No matter how hard I try to explain things to my fellow co-workers they just cannot get it through their thick skulls how things should work. I have explained that I will not be doing certain things because I am unable to get all the information to do it properly yet every time I end up at the workplace they seem to want me to do what I cannot do.
All they really want is for me to take over their job so they can have a rest. Even though I am just the assistant in the situation. They think I am the miracle worker and know what to do without any consultation whatsoever. “Hey David please do this.” Or “do you have any good ideas?” And expect an answer right on the spot live I know every detail at the drop of a hat.
They have no communication skills at all.
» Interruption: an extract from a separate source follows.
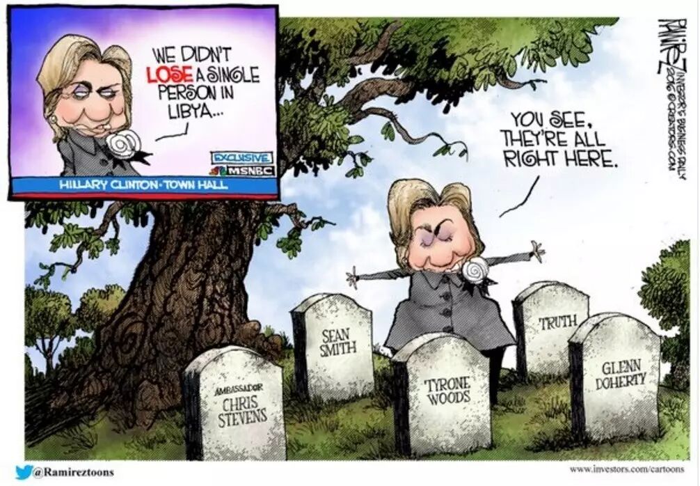 5)班加西惨案:美国驻利比亚班加西的领事馆遭受恐怖袭击,美国驻利比亚大使Etevens等人被杀。女克林顿居然在事先有征兆的情况下不予理睬,事发当时居然不接紧急电话。事后她拒不承认自己的错误。她是国务卿,负责所有的对外事务。她却对自己的属下的安全毫不关心。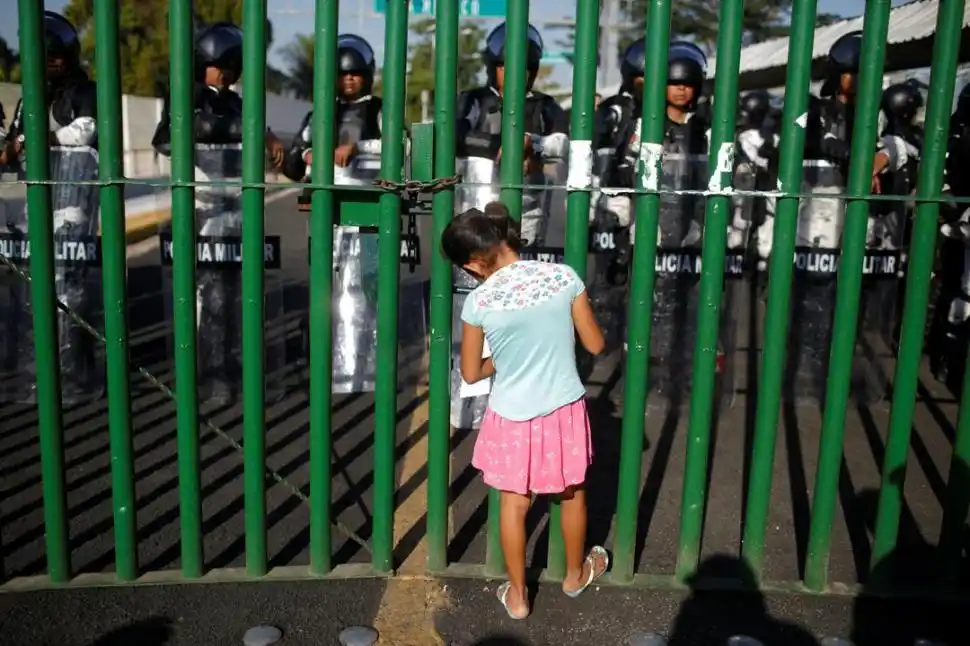 Una nueva columna masiva de migrantes se instaló en la frontera entre Guatemala y México. Quieren llegar hasta Estados Unidos, pero el Gobierno mexicano pretende frenarlos para cumplir sus acuerdos con Donald Trump. En la imagen, una niña observa a los policías mexicanos que, armados con cascos y escudos, tienen la misión de evitar el avance de a columna. Ella parece no tenerles miedo.

They do not talk to me about anything related to the work matter. They want me to do it with no preparation at all. Yet there is a load of time to come and chat with me and talk with me, yet I sit there on a Monday all day and no one bothers to talk with me. They just come and tell me “Please do this, please do that.”
I cannot change their attitudes, I cannot change their minds. I can only react to them being blind. From now on I will just do what I need to do and that is it. I will not being dong what they want me to do nor give them ideas for what to do. I will only do what I deem necessary for those in need.
It is the only way I can stay sane. I am about half an inch away from having a mental breakdown. I cannot handle this anymore. Yet if I do not there is no help for me. As you see I am and always have been a loner. If you need help I can be there for you.
I can only ask for help when I have become a shell of my former self. Yet I will give it all for those in need. That is how I am.